→ Exercise objective: The records that follow should be returned exactly, pictures excluded.

________________________

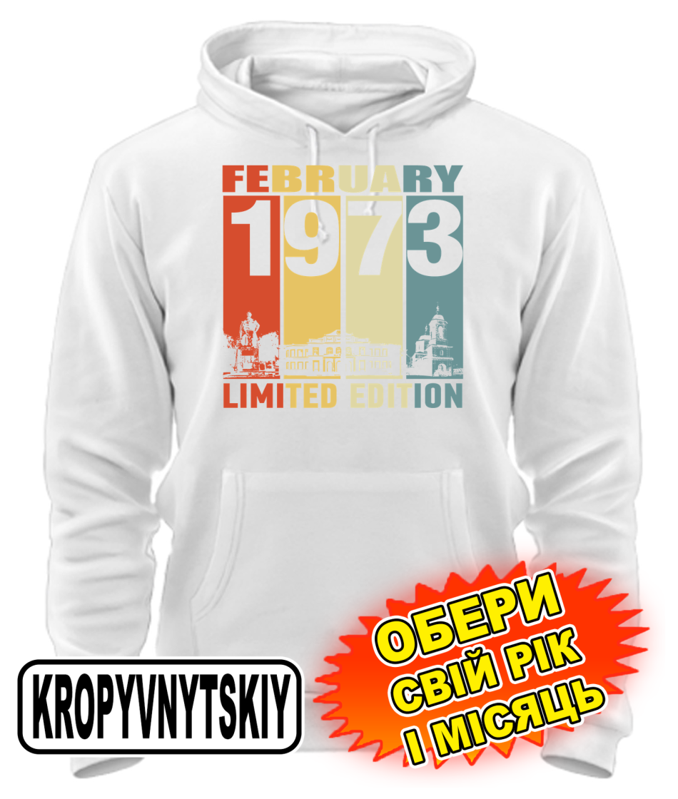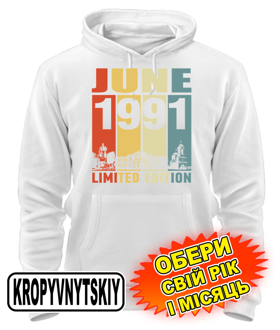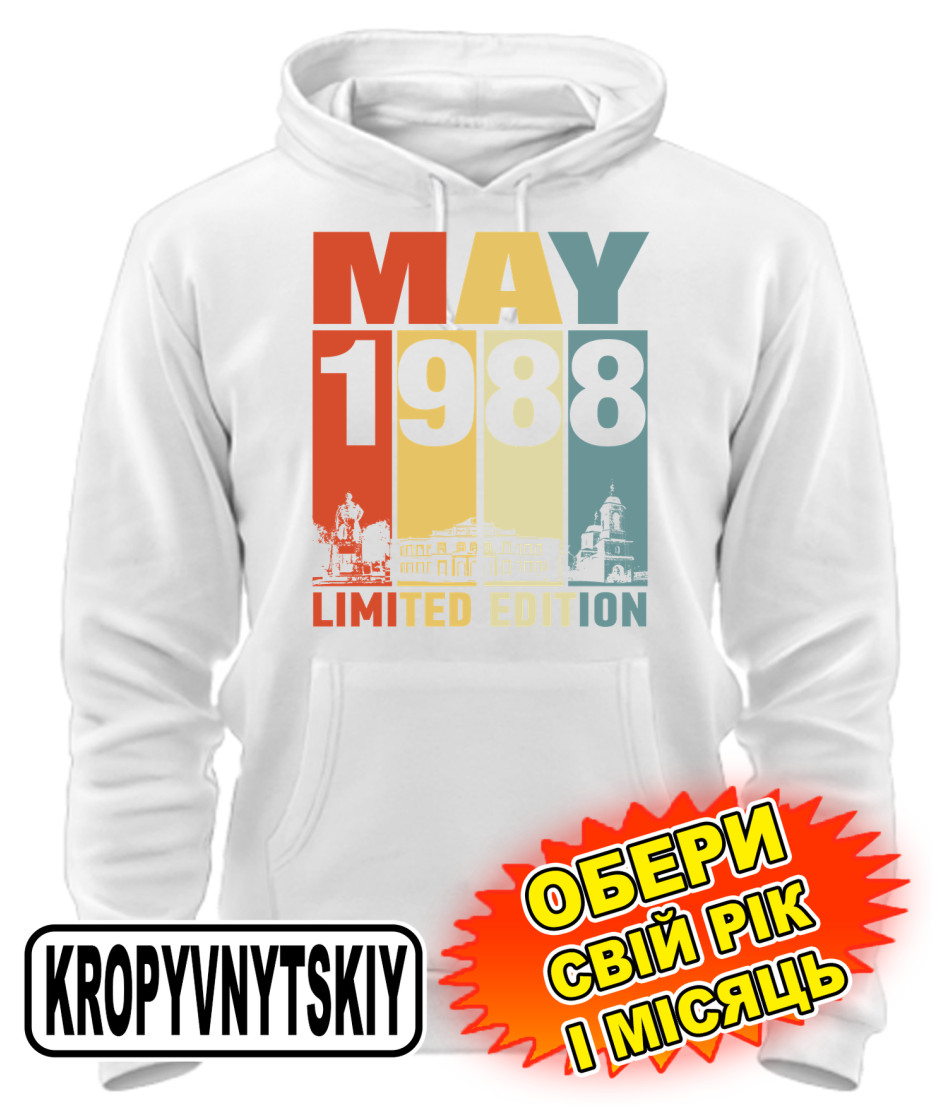 Толстовка-худі (білий) KROPYVNYTSKYI LIMITED EDITION [обери свій місяць і рік]
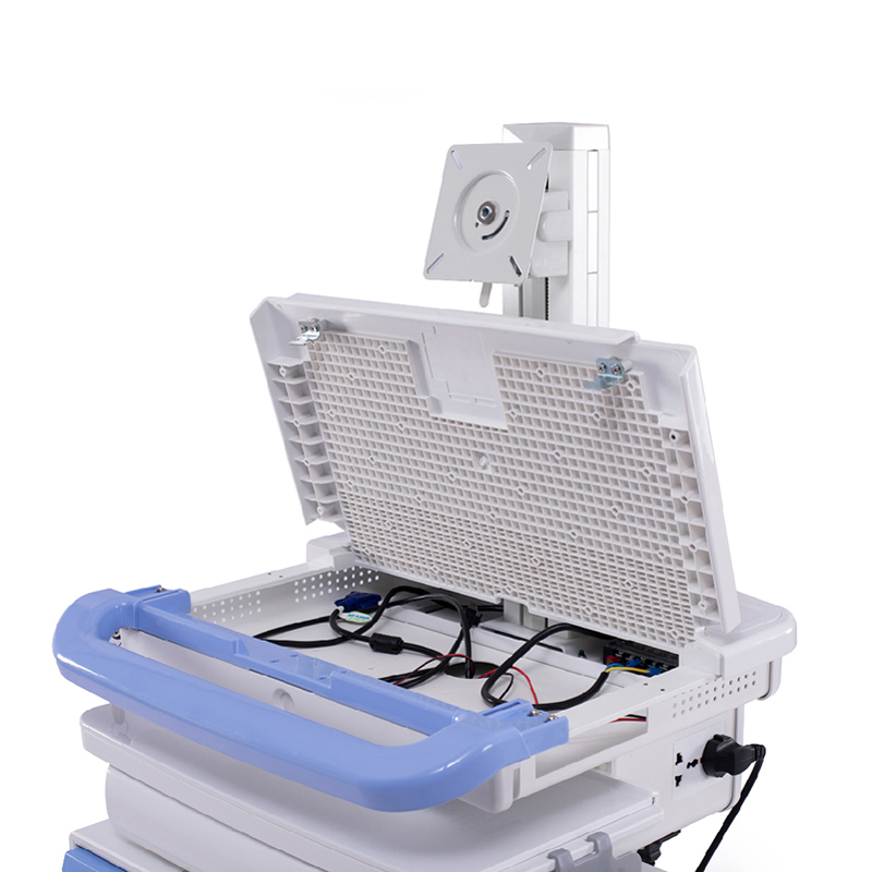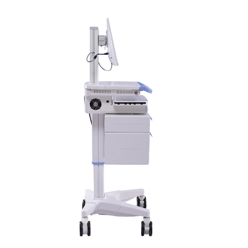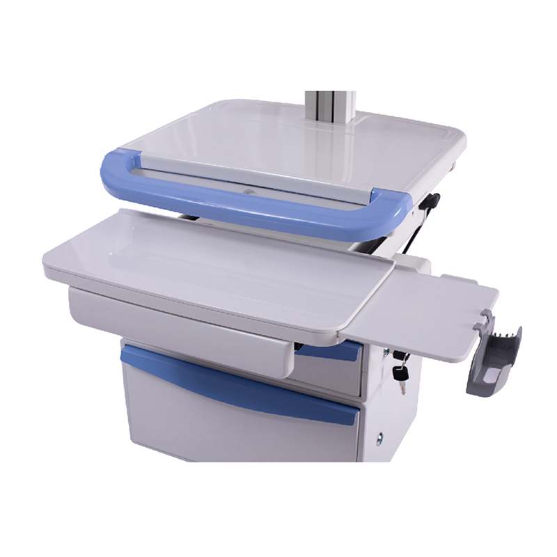 1). Height fixed 2). Display rack hi-low with VESA, Loading capacity≦12Kg,proposed size of display ≤ 22 inch or all-in-one machine 3). Durable ABS plastic worksurface,Height of Tabletop: 1000mm 4). The middle of the table can be opened for placing mini PC. 5). Keyboard tray, size: 465mm(L) x 234mm(W) 6). Mouse tray, support both left hand and right hand using 7). Four layers drawers with lock 8). Built-in battery and inverter, charger 9). Led keyboard light 10). Aluminium alloy column 11). Base: ABS plastic shell 12). Silent medical casters 13). Pedal sorting trash cans 6.5L *2 14). sharps box 3L *2 15). Hand elimination liquid hangers*1 16). Storage box *1 |
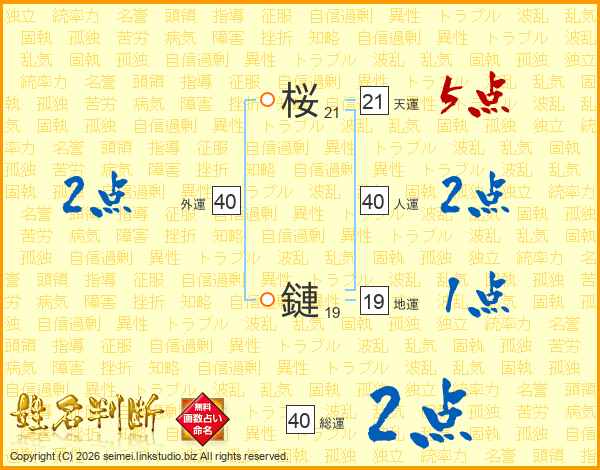 生活面を象徴する運勢です。外部から受ける影響力を表し、結婚運、家庭運や職場、環境への順応性を表します。総運から人運を引いた画数。姓や名が1文字の場合を除く。
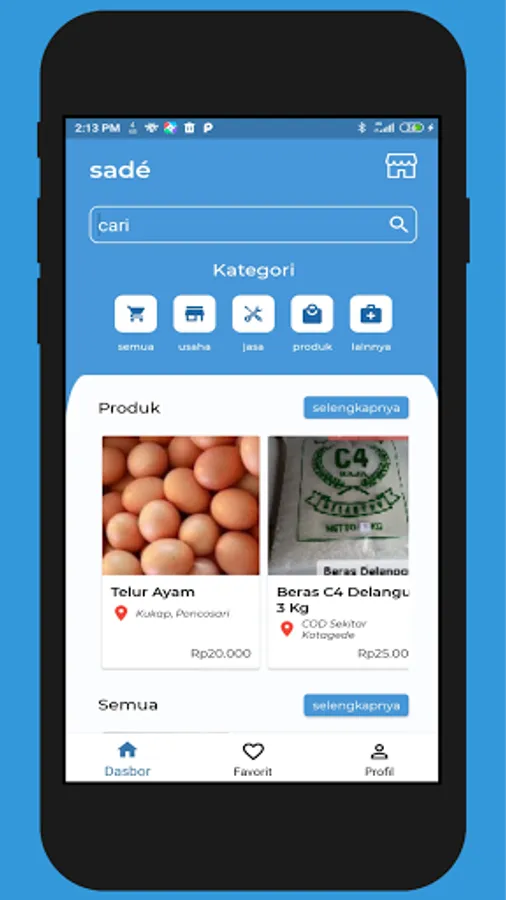 The Sade application provides features for those of you who want to find, offer products, goods or services easily and of course for free. If you find something that matches you can look at the description and contact the contact listed. Make a deal as you like without any boundaries.
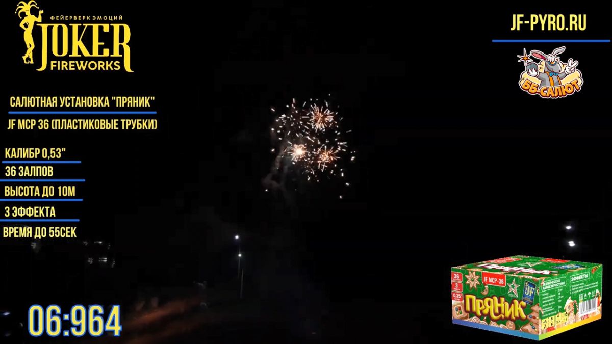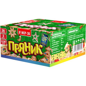 Фейерверк Пряник набирает высоту 10 метров и включает в себя 36 залпов. Зрители смогут насладиться красной и зеленой звездой с пышной кометой. При каждом залпе высоко в небо взлетают змейки, которые сопровождаются ярким и веселым потрескиванием. Это десятки искр серебристого цвета, вспыхивающие на темном фоне ночного неба. А похожи они на самые настоящие то возникающие, то исчезающие пряники. Хлопки, треск, яркие искры - это то, что нужно, чтобы вечер стал веселым!
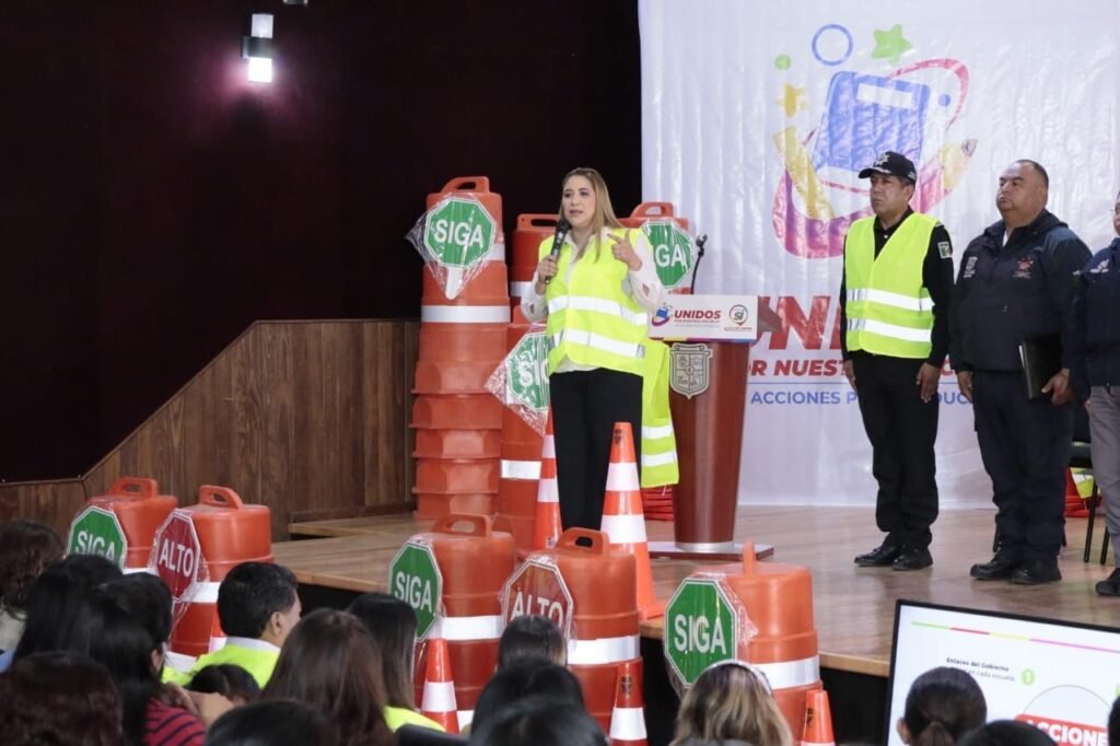 Ahí mismo, la presidenta municipal Ana Muñiz ratificó su compromiso con el mejoramiento de la infraestructura escolar y con la seguridad vial entorno a las escuelas, por lo que entregó paquetes de chalecos reflejantes, conos, trafitambos y señalamientos a las mesas de padres de familia para cuidar la entrada y salida de las escuelas.
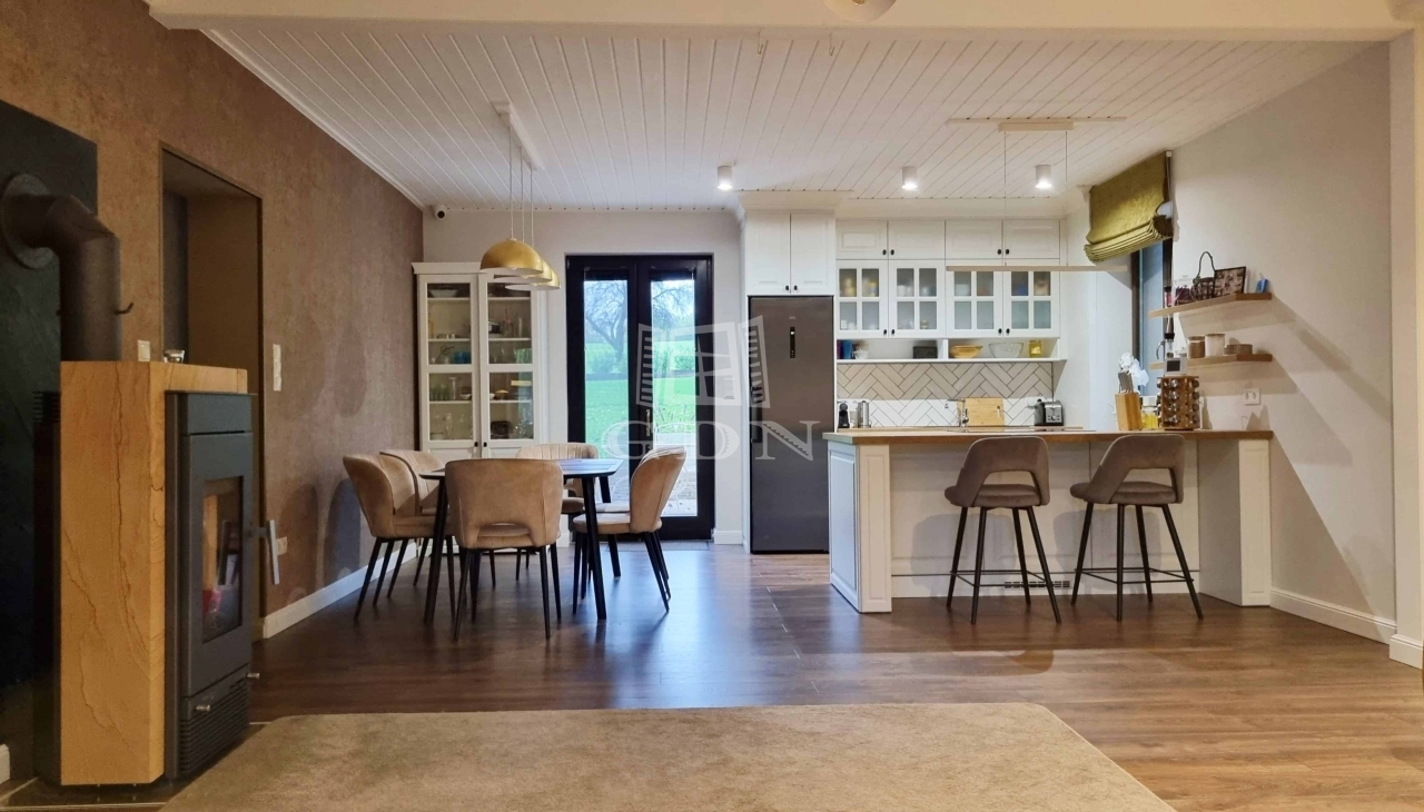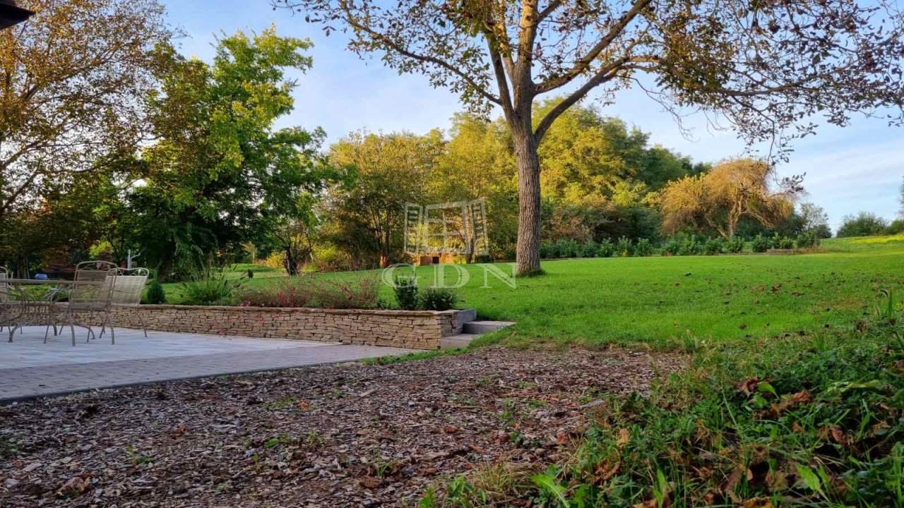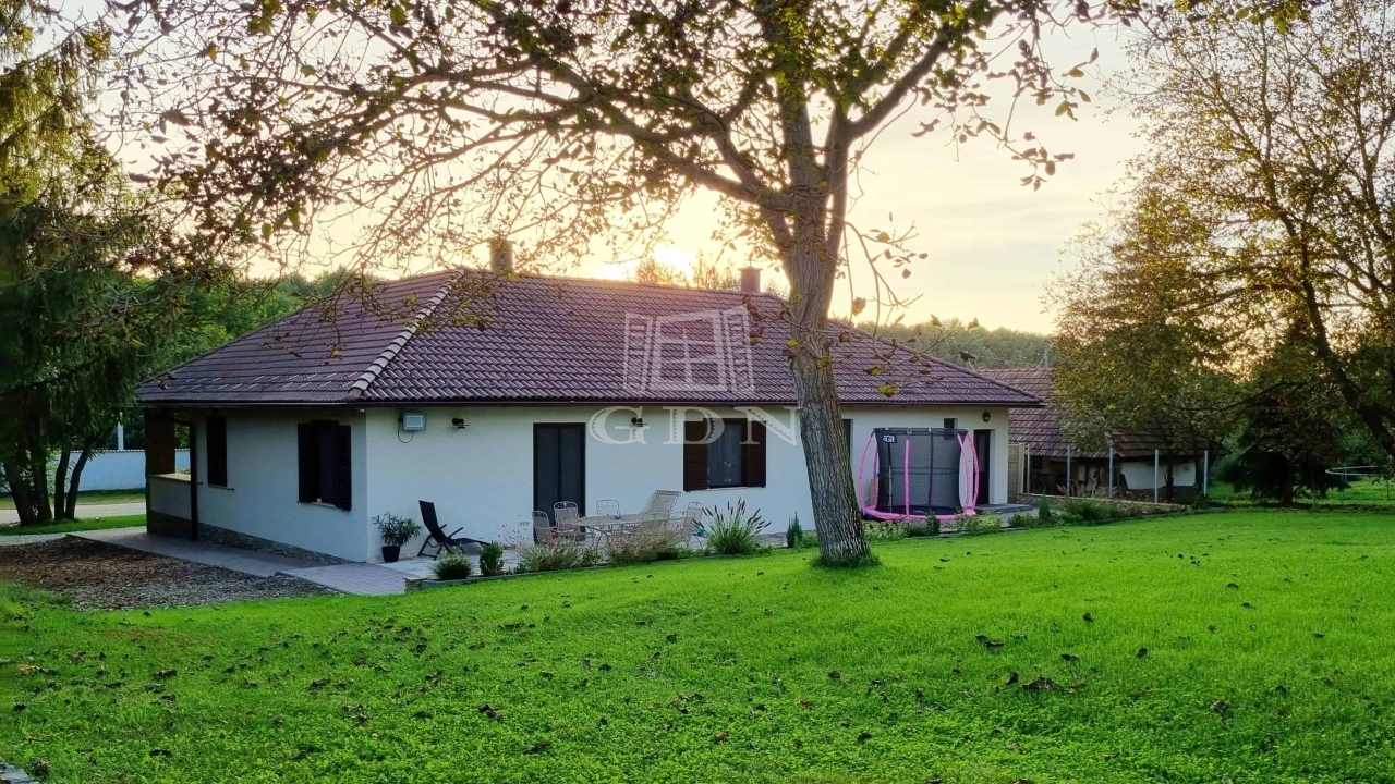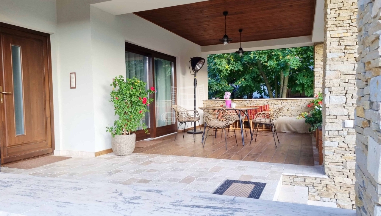 Ez a 145 m²-es családi ház gyönyörű dombos tájon, erdőkkel körülvéve helyezkedik el. Az ingatlan Pápa zöldövezeti részén található, egy 9 800 m²-es telken, ahol két épület is helyet kapott.
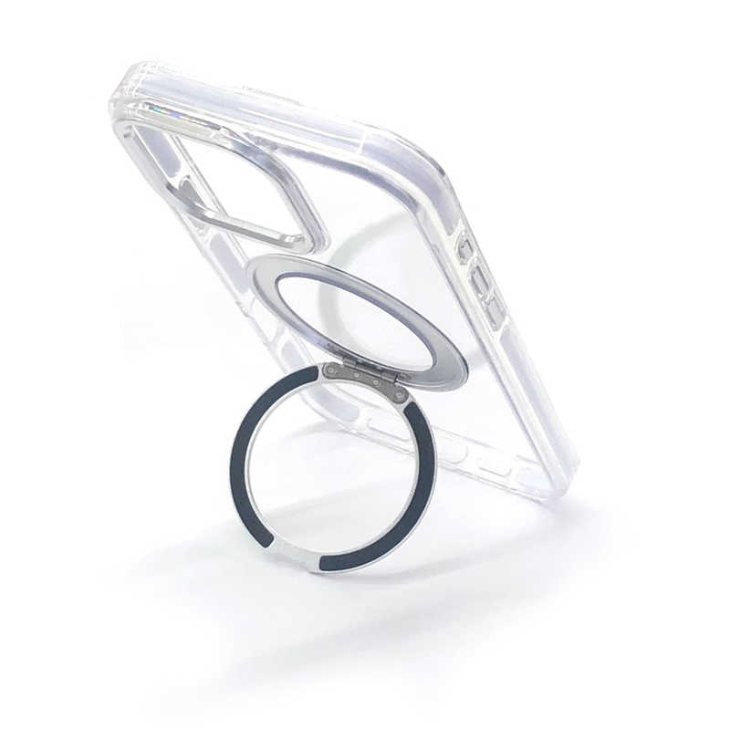 ●iPhone 16 Pro Max用MAGSAFE対応回転リングスタンドクリアケースです。

________________________

→ Solution to the exercise:
 Толстовка-худі (білий) KROPYVNYTSKYI LIMITED EDITION [обери свій місяць і рік]
 1). Height fixed 2). Display rack hi-low with VESA, Loading capacity≦12Kg,proposed size of display ≤ 22 inch or all-in-one machine 3). Durable ABS plastic worksurface,Height of Tabletop: 1000mm 4). The middle of the table can be opened for placing mini PC. 5). Keyboard tray, size: 465mm(L) x 234mm(W) 6). Mouse tray, support both left hand and right hand using 7). Four layers drawers with lock 8). Built-in battery and inverter, charger 9). Led keyboard light 10). Aluminium alloy column 11). Base: ABS plastic shell 12). Silent medical casters 13). Pedal sorting trash cans 6.5L *2 14). sharps box 3L *2 15). Hand elimination liquid hangers*1 16). Storage box *1 |
 生活面を象徴する運勢です。外部から受ける影響力を表し、結婚運、家庭運や職場、環境への順応性を表します。総運から人運を引いた画数。姓や名が1文字の場合を除く。
 The Sade application provides features for those of you who want to find, offer products, goods or services easily and of course for free. If you find something that matches you can look at the description and contact the contact listed. Make a deal as you like without any boundaries.
 Фейерверк Пряник набирает высоту 10 метров и включает в себя 36 залпов. Зрители смогут насладиться красной и зеленой звездой с пышной кометой. При каждом залпе высоко в небо взлетают змейки, которые сопровождаются ярким и веселым потрескиванием. Это десятки искр серебристого цвета, вспыхивающие на темном фоне ночного неба. А похожи они на самые настоящие то возникающие, то исчезающие пряники. Хлопки, треск, яркие искры - это то, что нужно, чтобы вечер стал веселым!
 Ahí mismo, la presidenta municipal Ana Muñiz ratificó su compromiso con el mejoramiento de la infraestructura escolar y con la seguridad vial entorno a las escuelas, por lo que entregó paquetes de chalecos reflejantes, conos, trafitambos y señalamientos a las mesas de padres de familia para cuidar la entrada y salida de las escuelas.
 Ez a 145 m²-es családi ház gyönyörű dombos tájon, erdőkkel körülvéve helyezkedik el. Az ingatlan Pápa zöldövezeti részén található, egy 9 800 m²-es telken, ahol két épület is helyet kapott.
 ●iPhone 16 Pro Max用MAGSAFE対応回転リングスタンドクリアケースです。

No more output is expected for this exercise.